Given that, at present, 'via the legal process' seems to consist of a variety of procedures that make getting a search warrant rubber-stamped by a handpicked sycophant look positively robust, I'm not sure how reassured I'd be even by 100% ironclad evidence that all data were divulged in accordance with 'legal process'.

Even aside from the high-volume shenanigans on the NSA side, whose legal justifications themselves are rather secretive, the good old 'National Security Letter' is a 'legal' process that essentially boils down to 'Somebody at a three letter agency asserts that the information demanded is in some way related to an investigation with national security implications. Pinkie Swear!'. No judicial involvement, no need to present any evidence for that assertion, a downright farcically bad record on recordkeeping(the FBI won't even tell congress how often they use the things), and a gag order that makes the operation essentially silent.

Sure, maybe Microsoft are better people if they are always complying under penalty of law, rather than as enthusiastic little quislings voluntarily cozying up to the spooks; but from the perspective of a potential customer, rather than an observing ethicist, what difference does it make?

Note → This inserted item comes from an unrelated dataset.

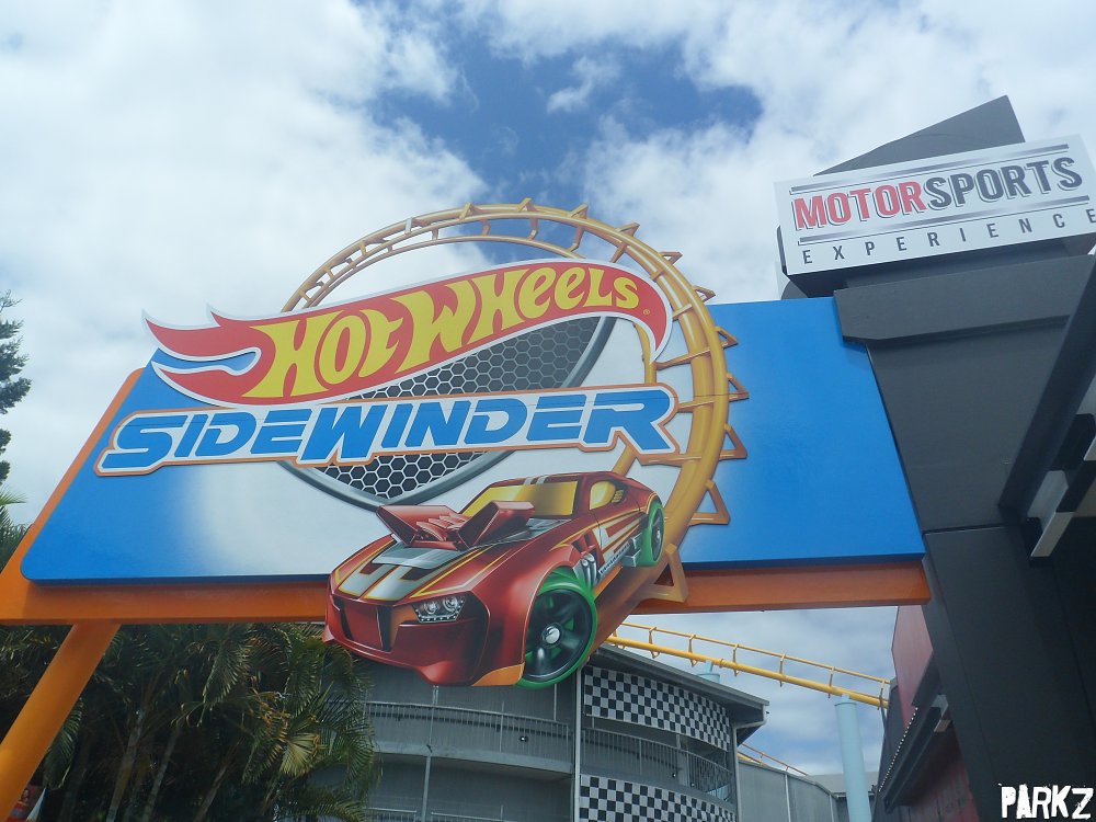 The entrance signage. Early announcements for the ride dubbed the attraction the "Hot Wheels Hot Lap Coaster".
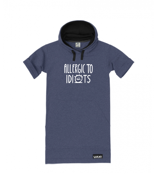 LADIES SWEATSHIRT DRESS SHORT for woman with design 1354 ALLERGIC TO IDIOTS in color JEANS

Comment Re:Do Not Track... (Score 2) 162

it says a lot for the people that bought into the DNT, they'll buy into just about anything. Uncheck your third party cookies in your browser and that should take care of them tracking you to other sites. I have a multi purpose firewall that kept finding tracking cookies until I cut out third party cookies now it doesn't find any.

Your measures are... outmoded.

Sure, cookies make things markedly easier(since data persistence is what they do, in a sort of feeble, hacky way); but there are so many more bits of information available if you want to fingerprint a user. Even better, the ones that squirm the hardest against the easy methods tend to end up with the most unusual configurations.